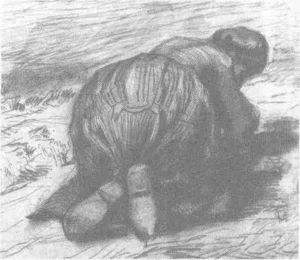 跪着的农妇(粉彩笔、布纹纸) 1885年〔荷兰〕凡·高
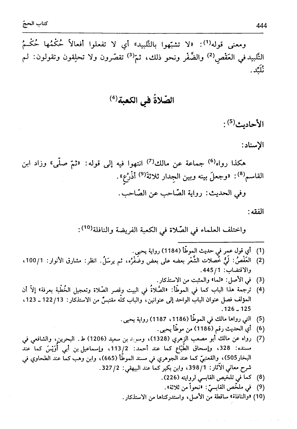 (¬4) ترجمة هذا الباب كما في الموطّأ: "الصَّلاةُ في البيت وقصر الصّلاة وتعجيل الخُطبة بعرفة" إِلَّا أنّ المؤلِّف فصل عنوان الباب الواحد إلى عنوانين، والباب كلّه مقتبسٌ من الاستذكار: 13/ 122 - 123، 125 - 126.
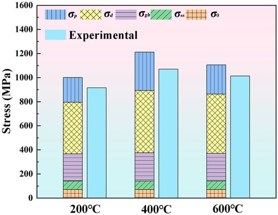 where k denotes the Hall–Petch constant for H13 steel (300 MPa μm1/2) [38], and d represents the average grain size. Since the martensite block size can be considered as the effective grain dimension [39], the average block sizes measured via EBSD in Section 4.1 were directly adopted. The samples fabricated at interlayer temperatures of 200 °C, 400 °C, and 600 °C exhibited average grain sizes of 1.77 μm, 1.64 μm, and 1.71 μm, respectively. The corresponding grain boundary strengthening contributions, σgb, were calculated as 226 MPa, 234 MPa, and 229 MPa.
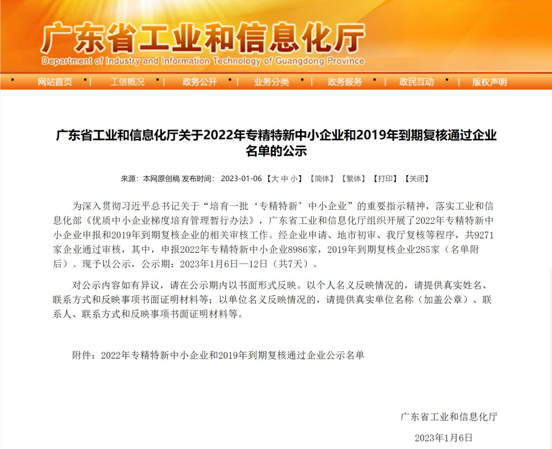 廣東省2022年“專精特新”企業(yè)名單公示
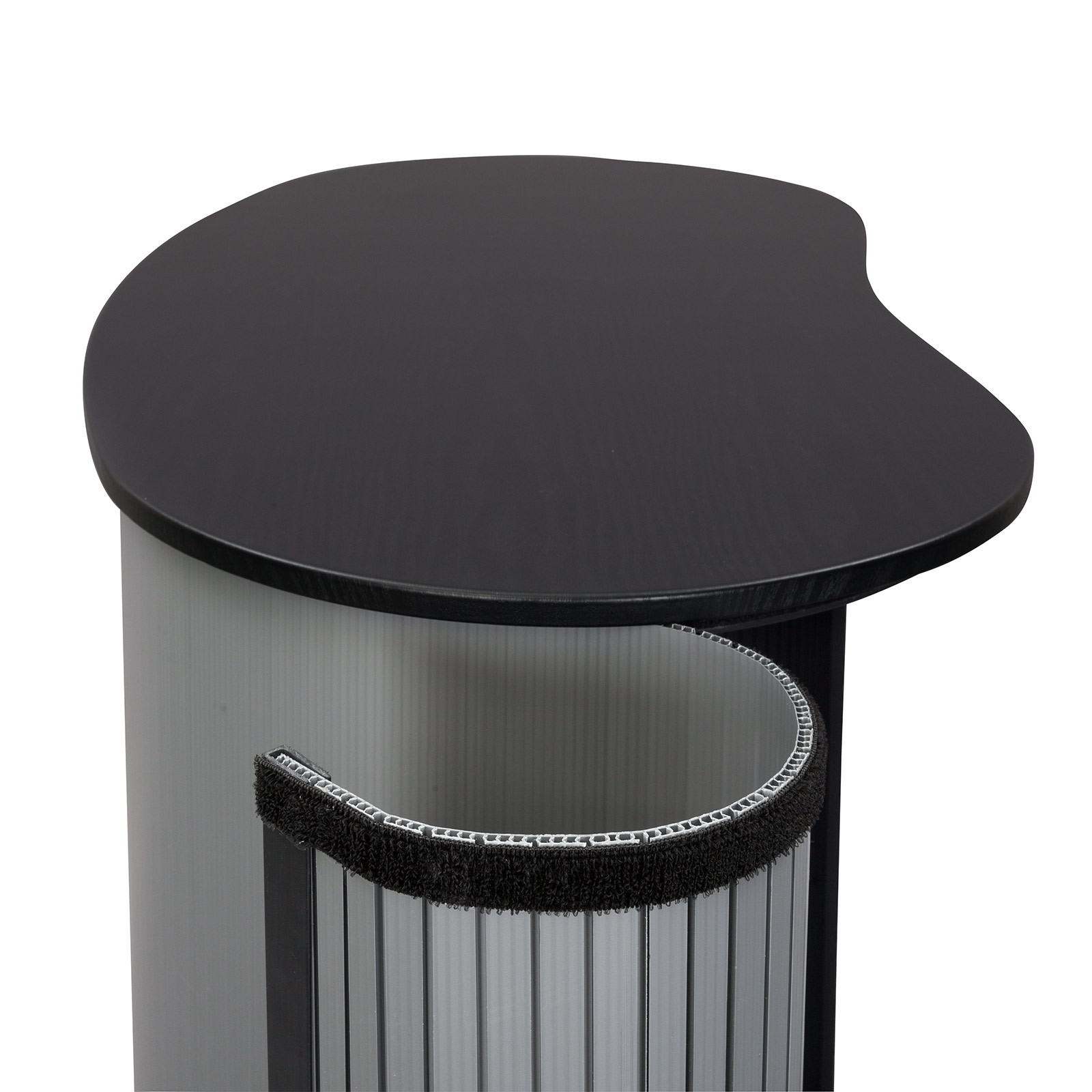 - Komplett-Set: Messetheke Lamellen Counter (gebogen oder rund) mit Lamellenpanel, Theken- und Bodenplatte sowie ggf. Ablagezwischenboden und Druckteil inkl. Transportköcher und Transporttasche
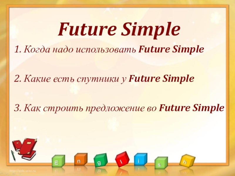 Future Simple1. Когда надо использовать Future Simple2. Какие есть спутники у Future Simple3. Как строить предложение во
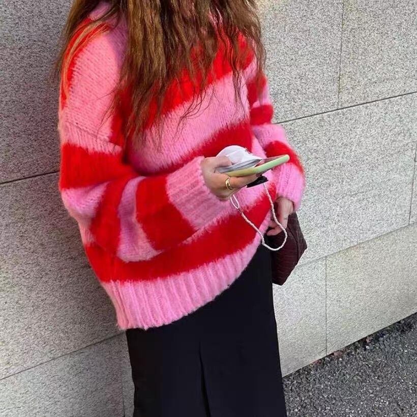 ピンクとレッドの華やかボーダーでトレンド感もバッチリな万能トップスです。
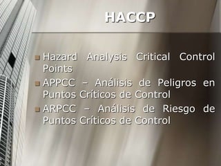 Este documento describe el sistema HACCP (Análisis de Peligros y Puntos Críticos de Control), su origen en la industria alimentaria para garantizar la seguridad de los alimentos para astronautas y los 7 principios fundamentales del sistema: 1) análisis de peligros, 2) determinación de puntos críticos de control, 3) establecimiento de límites críticos, 4) vigilancia de los puntos críticos, 5) medidas correctivas, 6) verificación y 7) registros y documentación. El objetivo final del sistema
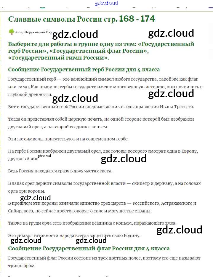 Ответ на задание 168 Учебник Окружающий мир за 4 (четвертый) класс Плешаков, Крючкова Школа России 2013 Часть 1, 2
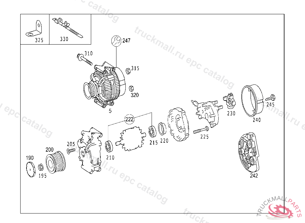 ALTERNATOR14V/150A, COMPONENT PARTS NOT AVAILABLE 203 A 237173 203 F 177684 203 R 028781 210 B 438526 210 X 065664 901-904 R337626 638 246705 SEE CHASSIS PARTS KIT FOR "FROM VIN" NO. PART IS ONLY OR ALSO SUPPLIED AS RECONDITIONED PART
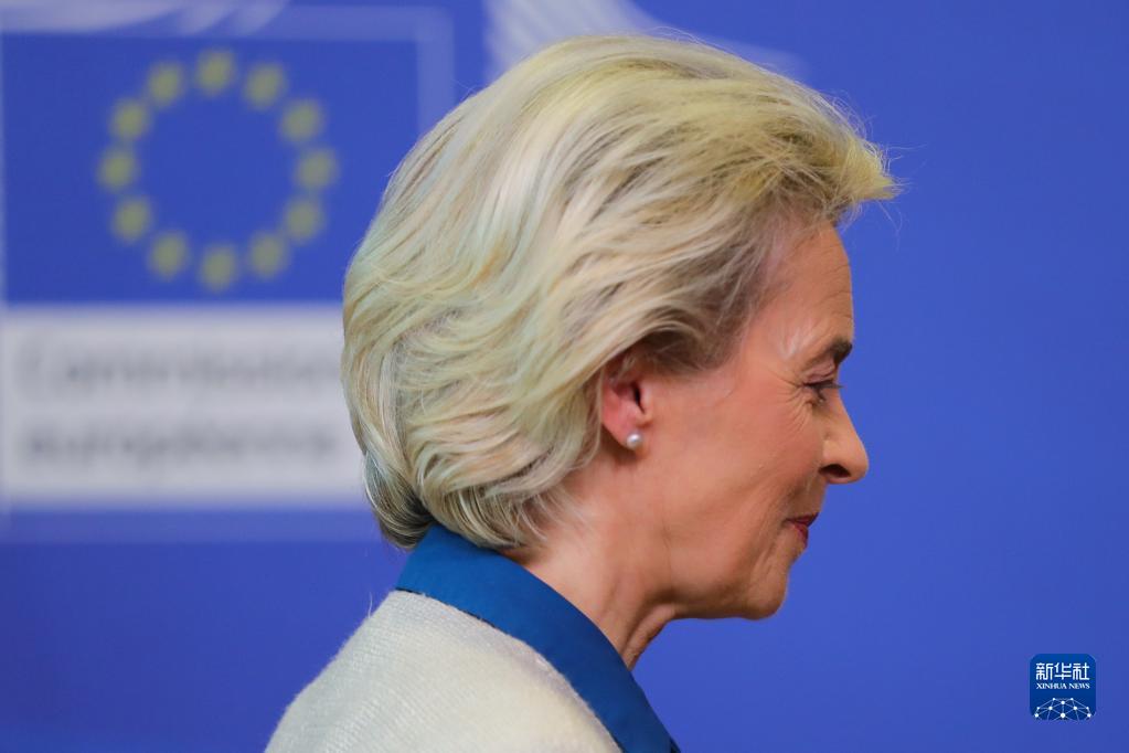 5月18日,欧盟委员会主席冯德莱恩在比利时布鲁塞尔的欧盟委员会总部发言后离开。

----------

Give again, word for word, every line from the top of the data above to the line holding "ピンクとレッドの華やかボーダーでトレンド感もバッチリな万能トップスです。", inclusive, with the pictures left out.

 跪着的农妇(粉彩笔、布纹纸) 1885年〔荷兰〕凡·高
 (¬4) ترجمة هذا الباب كما في الموطّأ: "الصَّلاةُ في البيت وقصر الصّلاة وتعجيل الخُطبة بعرفة" إِلَّا أنّ المؤلِّف فصل عنوان الباب الواحد إلى عنوانين، والباب كلّه مقتبسٌ من الاستذكار: 13/ 122 - 123، 125 - 126.
 where k denotes the Hall–Petch constant for H13 steel (300 MPa μm1/2) [38], and d represents the average grain size. Since the martensite block size can be considered as the effective grain dimension [39], the average block sizes measured via EBSD in Section 4.1 were directly adopted. The samples fabricated at interlayer temperatures of 200 °C, 400 °C, and 600 °C exhibited average grain sizes of 1.77 μm, 1.64 μm, and 1.71 μm, respectively. The corresponding grain boundary strengthening contributions, σgb, were calculated as 226 MPa, 234 MPa, and 229 MPa.
 廣東省2022年“專精特新”企業(yè)名單公示
 - Komplett-Set: Messetheke Lamellen Counter (gebogen oder rund) mit Lamellenpanel, Theken- und Bodenplatte sowie ggf. Ablagezwischenboden und Druckteil inkl. Transportköcher und Transporttasche
 Future Simple1. Когда надо использовать Future Simple2. Какие есть спутники у Future Simple3. Как строить предложение во
 ピンクとレッドの華やかボーダーでトレンド感もバッチリな万能トップスです。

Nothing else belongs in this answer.